Secondo il presidente della Wada, Richard Pound si tratta del “più esteso fenomeno di doping e corruzione della storia dello sport moderno”, un vero e proprio sistema criminogeno atto ad alterare migliaia di test antidoping, con la copertura delle più alte istituzioni sportive. L’inchiesta della Wada era nata dalle rivelazioni della tv tedesca Ard: “lo scandalo è più grave di quanto potessimo pensare – ha tuonato Pound – perché scientemente si sono fatti gareggiare atleti che dovevano essere fermati per la loro positività". La Wada menziona espressamente l’esistenza di una “cupola” composta dal presidente della federazione internazionale di atletica leggera (Iaaf), Lamine Diack, e di tecnici a lui vicini, tra cui i due figli, un consigliere economico ed il capo francese dell’antidoping, nonché i vertici politici e quelli dello sport russo.

Tutto in cambio di centinaia di migliaia di euro a testa, pagati ai tecnici dagli atleti trovati positivi sotto forma di tangenti, per non essere cancellati dalla Iaaf, ma non solo: il report accusa il direttore del laboratorio di Mosca, Grigory Rodchenko, di aver distrutto 1417 test per evitare che l’inchiesta potesse scoprire l’enorme truffa l’ordine sarebbe partito direttamente dal ministro Mutko. Nel report viene menzionato anche un “laboratorio-ombra” dove i test venivano controllati prima di approdare all’Antidoping ufficiale russo, cui ovviamente poi arrivavano solo gli esami che non presentavano anomalie. Durante l’Olimpiade di Sochi, i membri dei servizi segreti russi si sarebbero infiltrati nelle strutture antidoping per manipolare i risultati dei test degli atleti connazionali.

Per questo motivo, nel dossier si parla anche di “sabotaggio” dei Giochi Olimpici di Londra 2012 da parte della Russia, dato che quasi tutti atleti saliti sul podio o entrati in finale sarebbero stati dopati.

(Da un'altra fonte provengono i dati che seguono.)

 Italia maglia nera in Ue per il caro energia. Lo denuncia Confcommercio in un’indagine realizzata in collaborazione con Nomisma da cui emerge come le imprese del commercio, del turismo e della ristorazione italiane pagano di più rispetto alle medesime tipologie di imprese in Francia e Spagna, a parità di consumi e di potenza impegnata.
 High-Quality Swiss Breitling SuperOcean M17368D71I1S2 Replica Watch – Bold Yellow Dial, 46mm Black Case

Per la cronaca, la Russia vinse 8 ori, 4 argenti e 5 bronzi nell'atletica, seconda solo agli Usa. “Abbiamo trovato una quantità sconvolgente e incredibile di prove che dimostrano la totale manipolazione dei risultati dei più importante atleti russi degli ultimi dieci anni” sottolinea Pound. “Lo stesso ministro dello Sport russo non poteva non sapere quello che stava succedendo”.

La replica della Russia, affidata allo stesso Vitaly Mutko, fedelissimo di Putin, nega tutte le accuse: “Le conclusioni della commissione non sono sostenute da prove e non contengono fatti nuovi. La Russia non ha mai insabbiato i problemi legati al doping. Se ci sono stati casi di corruzione legati all'uso di sostanze proibite da parte di alcuni atleti, non potevamo esserne a conoscenza prima”. Il presidente dell'agenzia antidoping russa, Nikita Kamayev, ha parlato invece di “un rapporto in fase di bozza e di dichiarazioni senza l'ombra di una prova, tutte accuse al momento prive di fondamento”.

In attesa degli sviluppi delle indagini dell’Interpol, martedì il procuratore di Bolzano, Guido Rispoli, ha ammesso che l’inchiesta Wada “è probabilmente partita” dai documenti che, nell’ambito del caso Schwazer, vennero sequestrati a Giuseppe Fischetto, il medico italiano che gestiva dall’esterno i controlli della Iaaf. Certo, che il debutto del marciatore Sergey Kirdyapkin nel 2005 con la vittoria dei mondiali ad Helsinki fosse coronato tra altissimi e bassissimi, nel 2012 a Londra con l’oro olimpico della 50 chilometri, era parso ad esempio sorprendente.

Valentin Balakhniciov, per oltre 20 anni presidente della Federatletica russa, ha annunciato l'intenzione di ricorrere al Tribunale sportivo di arbitrato a Losanna per difendere gli “interessi personali e del Paese" e il suo successore, Vadim Zelicionok, ha assicurato che “non c'e' corruzione, potendolo giurare sulla Bibbia". Di fronte a così alte accuse ed ancora più alte difese, non resta che attendere lo sviluppo delle indagini su quello che sembra un altro clamoroso intrigo internazionale da chiarire al più presto perché ne va tutta la credibilità del movimento atletico internazionale.